Così, ci sono piccoli gesti pieni di grande significato e, per converso, piccole omissioni che tradiscono grandi insensibilità.
Prendete, per esempio, Il Volo, la bella scultura di Gianfranco Rizzi che una volta faceva bella mostra di sè sul piazzale dell’aeroporto Lisa. Venne rimossa durante i lavori di rifacimento del piazzale esterno dello scalo foggiano, e mai più ricollocata al suo posto. Anzi, è finita tra i rifiuti. Una vicenda assurda e incredibile, anche perché la realizzazione della scultura, costò un bel po’ di danaro pubblico.
Questa storia incresciosa mi è tornata alla mente ieri, quando ho utilizzato nel post sul probabile matrimonio tra Aeroporti di Puglia e la società che gestisce l’aeroporto napoletano di Capodichino, una vecchia foto del monumento scomparso. C’è chi ha espresso apprezzamento per la fotografia e per la bellezza dell’opera d’arte, e chi ha ricordato, con un pizzico nostalgia, di possedere una foto del giorno del proprio matrimonio, scattata davanti alla scultura di Rizzi.
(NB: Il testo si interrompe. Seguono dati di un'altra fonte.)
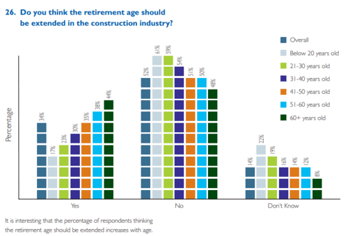 Despite the government’s efforts, when surveyed, 59.9% of respondents said that it has not effectively dealt with the challenge of an ageing population. And when asked if the retirement age should be increased in the construction industry, unsurprisingly, the majority said no.

Avete capito bene. In una città che non offre molte bellezze e che quindi provoca non pochi problemi ai fotografi che debbono scattare le foto dei matrimoni, Il Volo era una meta obbligata per gli “scatti matrimoniali”.
Chissà quanti momenti felici sono stati immortalati sotto le Ali sospese (è l’altro nome con cui il monumento viene conosciuto) pazientemente modellate dal grande  scultore foggiano.
Lettere Meridiane parlò a lungo della vicenda (alla fine dell’articolo trovate i collegamenti, se può interessarvi), vi fu la consueta mobilitazione dei gruppi social, che gridarono allo scandalo. Vi fu l’impegno particolare del FAI, Fondo Ambiente Italiano.
Da parte di Aeroporti di Puglia, la società regionale che gestisce l’aeroporto, il consueto silenzio.
Vi fu un certo interessamento dell’assessore comunale all’ambiente, Francesco Morese,
Ma nulla di concreto è stato fatto.  Il Volo resta ancora chissà dove. Le ali non sono più sospese, ma spezzate.
Un altro tassello di bellezza strappato alla città.
L’omissione colpevole ha vinto sul gesto possibile. Ahimè.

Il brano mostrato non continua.